Copy nothing but the lines from the opening of the entries through the line that contains "Super comfortable knee-length", exactly as written. Drop the pictures.

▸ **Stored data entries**
◆ ◆ ◆ ◆
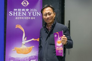 2026年2月19日晚,權五燦觀賞了神韻新紀元藝術團在大邱壽成藝術中心的第一場演出。(金國煥/大紀元)
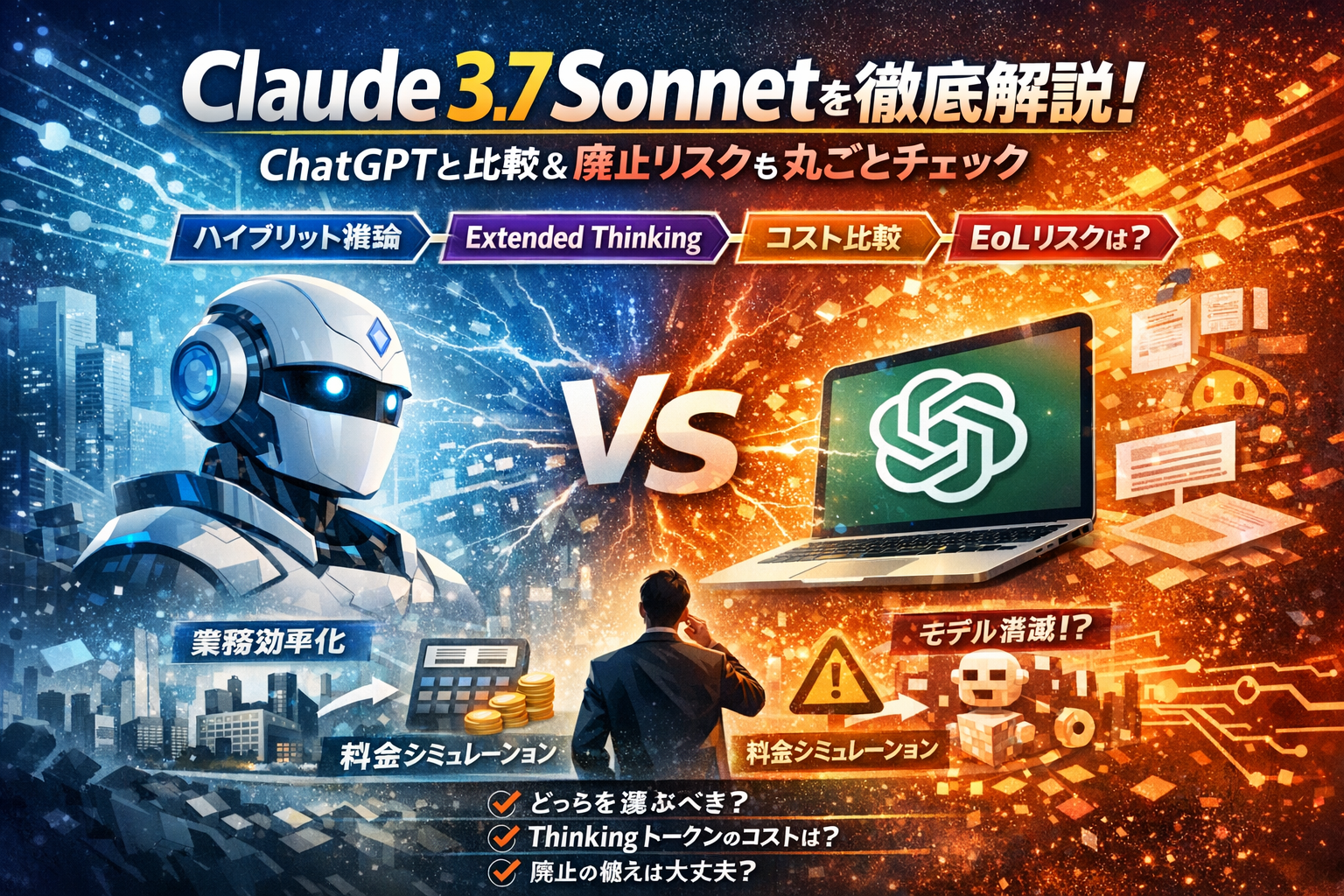 本記事では、Claude 3.7 Sonnetの位置づけや性能を押さえたうえで、ChatGPTやSonnet4/Opusとの用途別比較、料金と無料枠の現実、extended thinkingのコスト爆発リスク、さらにEoLを前提にしたエージェント設計や外部ツール連携まで、一連のロジックとして整理します。人事・法務・経理・マーケの具体的な活用例や、アカウント管理と請求トラブルの回避策も含めて、「どのモデルを、どの業務に、どこまで任せるか」を決め切るための材料を一気に手にしていただけます。
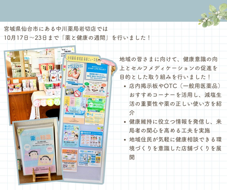 - 店内掲示板やOTC(一般用医薬品)おすすめコーナーを活用し、減塩生活の重要性や薬の正しい使い方を紹介
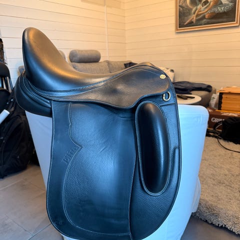Pent brukt, kun en liten ripe på ene knestøtten som ikke er sjenerende eller hull. Se vedlagt bilde. Pen detalj med krystall, for stigbøylerem ellers stilren. Nyvasket trekk følger selvsagt med.
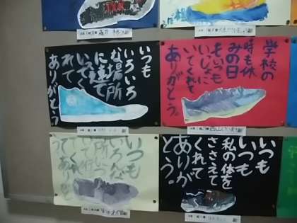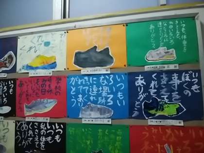 (↑4年生の掲示板の写真です。子どもたち一人一人の靴のイラストと、靴に対する子どもたちのメッセージが書かれています!是非、学校に来た際にはご覧ください!)
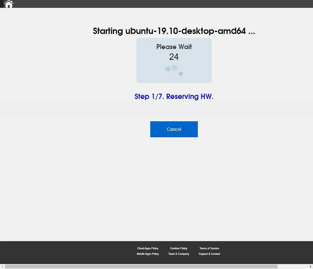 Nous allons localiser la distribution que nous voulons utiliser (dans notre cas Ubuntu), et nous cliquerons sur le bouton « Exécuter en ligne ». Une nouvelle page s’ouvrira avec un compte à rebours de 30 secondes, pendant lequel la machine virtuelle se préparera.
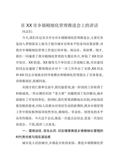 / 【七哥公文】2025年:在XX市乡镇精细化管理推进会上的讲话+更多免费公文+VX:QiGeGongWen2024
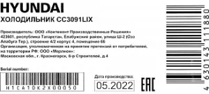 Холодильник HYUNDAI CC3091LIX – рациональный выбор для сохранения свежести и питательных веществ в продуктах и готовых блюдах. Это двухкамерный прибор с нижним морозильником объемом 94 л. Имеет функцию суперзаморозки с производительностью 4 кг/сут. В холодильной камере, оборудованной полками из закаленного стекла, задействована функция суперохлаждения. Устройство относится к классу А+ по энергопотреблению. Оно невелико, и в год не превышает 301 кВт*ч. В холодильной камере применяется капельное размораживание, а в морозильнике – система LowFrost, существенно замедляющая процесс образования инея и позволяющая экономить на затратах на электроэнергию. Перевешиваемые двери позволяют открывать холодильник влево или вправо с учетом планировки и площади кухни.
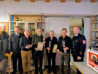 Anwesende geehrte für 60 Jahre Mitgliedschaft: Michael Glückert (Kommandant), Rudolf Hering, Roland Schmitt, Robert Geyer, Peter Warmuth, Julian Schmitt (Vorsitzender)
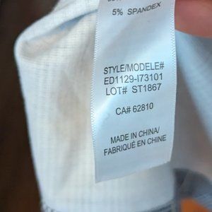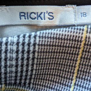 Super comfortable knee-length dress from Rickis. Size 18. Off the shoulder sleeves, faux button front.95% Polyester, 5% spandex, soft to touch with just a little give to the fabric. Worn once. Zip back.
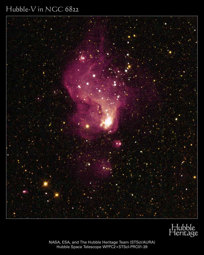 ¿Cómo se formaron las estrellas en el universo primitivo? Los astrónomos están obteniendo información al estudiar NGC 6822, una galaxia cercana clasificada como irregular por los estándares modernos, pero que parece más típica de las galaxias que existían hace miles de millones de años. La inspección de NGC 6822 revela varios grupos brillantes de estrellas, incluyendo dos llamados Hubble-X y Hubble-V. En la imagen mostrada, el Telescopio Espacial Hubble ha resuelto Hubble V en las estrellas energéticas que están iluminando el gas circundante. Cada estrella en el nudo denso central de Hubble V brilla más intensamente que 100 000 soles. La nube de gas de Hubble V tiene un tamaño de aproximadamente 200 años luz y se encuentra a unos 1,5 millones de años luz de distancia, en dirección a la constelación de Sagitario.
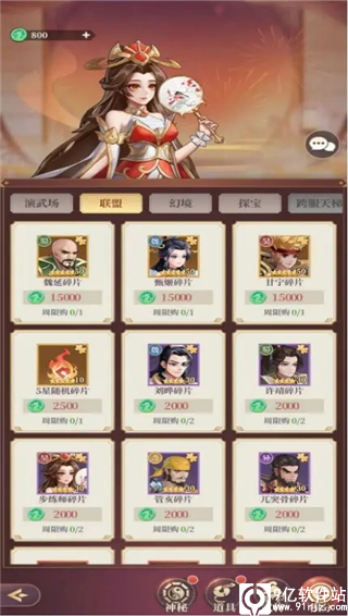 演武币可以前往商店兑换资源。如果只想开武将,前期建议买观星灵珠,开出5星的概率还是挺高的,比较划算。如果是想凑狗粮或指定武将,可定向购买武将碎片。
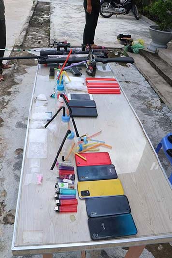 ៩.សម្ភារៈសម្រាប់វេចខ្ចប់ និងសម្ភារៈសម្រាប់ប្រើប្រាស់គ្រឿងញៀនមួយចំនួន ។
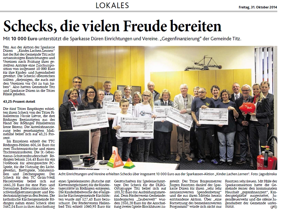 31.10.2014 Kinder.Lachen.Lernen durch eine Spende der Sparkasse Düren
◆ ◆ ◆ ◆
▸ **Result for this task**
 2026年2月19日晚,權五燦觀賞了神韻新紀元藝術團在大邱壽成藝術中心的第一場演出。(金國煥/大紀元)
 本記事では、Claude 3.7 Sonnetの位置づけや性能を押さえたうえで、ChatGPTやSonnet4/Opusとの用途別比較、料金と無料枠の現実、extended thinkingのコスト爆発リスク、さらにEoLを前提にしたエージェント設計や外部ツール連携まで、一連のロジックとして整理します。人事・法務・経理・マーケの具体的な活用例や、アカウント管理と請求トラブルの回避策も含めて、「どのモデルを、どの業務に、どこまで任せるか」を決め切るための材料を一気に手にしていただけます。
 - 店内掲示板やOTC(一般用医薬品)おすすめコーナーを活用し、減塩生活の重要性や薬の正しい使い方を紹介
Pent brukt, kun en liten ripe på ene knestøtten som ikke er sjenerende eller hull. Se vedlagt bilde. Pen detalj med krystall, for stigbøylerem ellers stilren. Nyvasket trekk følger selvsagt med.
 (↑4年生の掲示板の写真です。子どもたち一人一人の靴のイラストと、靴に対する子どもたちのメッセージが書かれています!是非、学校に来た際にはご覧ください!)
 Nous allons localiser la distribution que nous voulons utiliser (dans notre cas Ubuntu), et nous cliquerons sur le bouton « Exécuter en ligne ». Une nouvelle page s’ouvrira avec un compte à rebours de 30 secondes, pendant lequel la machine virtuelle se préparera.
 / 【七哥公文】2025年:在XX市乡镇精细化管理推进会上的讲话+更多免费公文+VX:QiGeGongWen2024
 Холодильник HYUNDAI CC3091LIX – рациональный выбор для сохранения свежести и питательных веществ в продуктах и готовых блюдах. Это двухкамерный прибор с нижним морозильником объемом 94 л. Имеет функцию суперзаморозки с производительностью 4 кг/сут. В холодильной камере, оборудованной полками из закаленного стекла, задействована функция суперохлаждения. Устройство относится к классу А+ по энергопотреблению. Оно невелико, и в год не превышает 301 кВт*ч. В холодильной камере применяется капельное размораживание, а в морозильнике – система LowFrost, существенно замедляющая процесс образования инея и позволяющая экономить на затратах на электроэнергию. Перевешиваемые двери позволяют открывать холодильник влево или вправо с учетом планировки и площади кухни.
 Anwesende geehrte für 60 Jahre Mitgliedschaft: Michael Glückert (Kommandant), Rudolf Hering, Roland Schmitt, Robert Geyer, Peter Warmuth, Julian Schmitt (Vorsitzender)
 Super comfortable knee-length dress from Rickis. Size 18. Off the shoulder sleeves, faux button front.95% Polyester, 5% spandex, soft to touch with just a little give to the fabric. Worn once. Zip back.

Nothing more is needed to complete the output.